=== Section Start ===
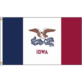 D3772 State Flag Iowa Indoor Outdoor Style Digital Single/Reverse Image Header and Grommets Height 5 ft. Width 8 ft. Min Flagpole Height 30 ft. Material Nylon
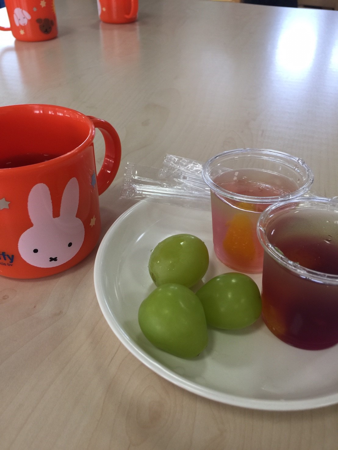 おやつはゼリーとシャインマスカットでした。
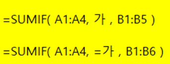 A1:A4 는 조건식을 적용하는 범위이고, B1:B4는 합계할 숫자가 입력된 범위입니다.
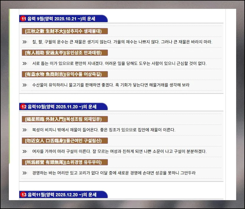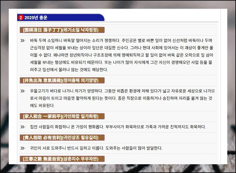 이런 기초 분석이야말로 2025년 한 해 운의 흐름을 파악하는 출발점이 됩니다.
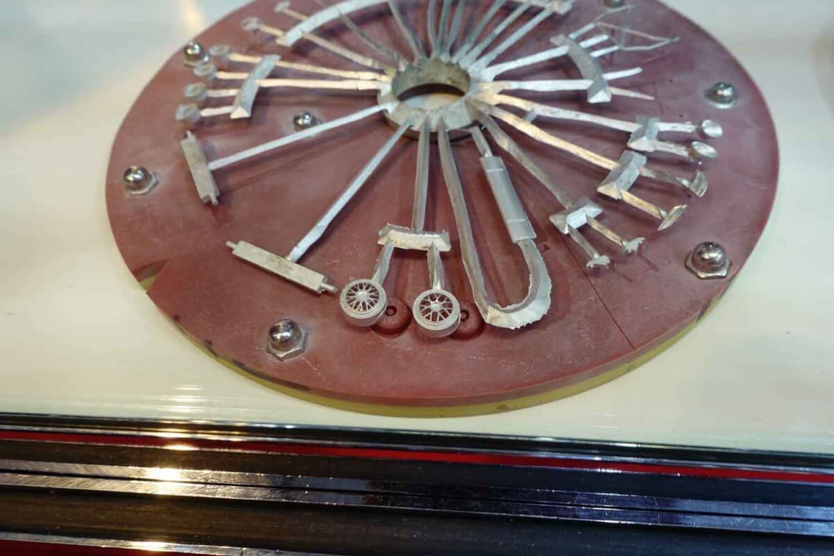 また、サイズが1/64ともなると窓枠などがクルマとサイズ感が合わないことが多く、それゆえHOサイズ(3.5mmスケール)のモデルはオモチャっぽく見えてしまう。メイクアップではここでも拘って、きわめて細いエッチングパーツで仕上げているので、高い実車感を維持している。
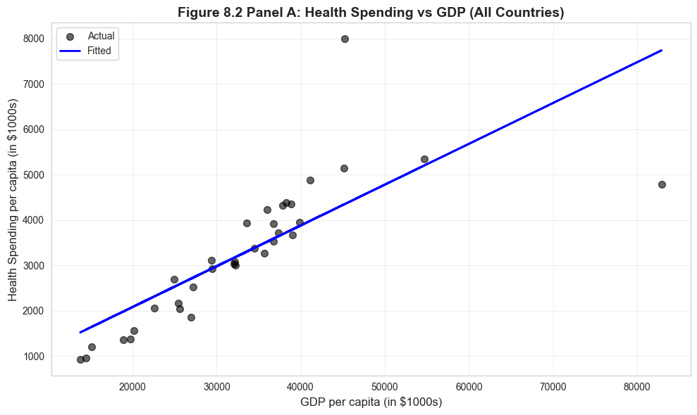 # Read in the health datadata_health = pd.read_stata(GITHUB_DATA_URL +'AED_HEALTH2009.DTA')print("="*70)print("8.1 HEALTH OUTCOMES ACROSS COUNTRIES")print("="*70)print("\nData summary:")data_summary = data_health.describe()print(data_summary)print("\nFirst few observations:")print(data_health[['code', 'hlthpc', 'lifeexp', 'infmort']].head(10))
=== Section End ===
PROBLEM TO SOLVE: From the line with "また、サイズが1/64ともな" down to the last line of the entries above, set down every line exactly, apart from the pictures.

RESULT OF THIS EXERCISE:
 また、サイズが1/64ともなると窓枠などがクルマとサイズ感が合わないことが多く、それゆえHOサイズ(3.5mmスケール)のモデルはオモチャっぽく見えてしまう。メイクアップではここでも拘って、きわめて細いエッチングパーツで仕上げているので、高い実車感を維持している。
 # Read in the health datadata_health = pd.read_stata(GITHUB_DATA_URL +'AED_HEALTH2009.DTA')print("="*70)print("8.1 HEALTH OUTCOMES ACROSS COUNTRIES")print("="*70)print("\nData summary:")data_summary = data_health.describe()print(data_summary)print("\nFirst few observations:")print(data_health[['code', 'hlthpc', 'lifeexp', 'infmort']].head(10))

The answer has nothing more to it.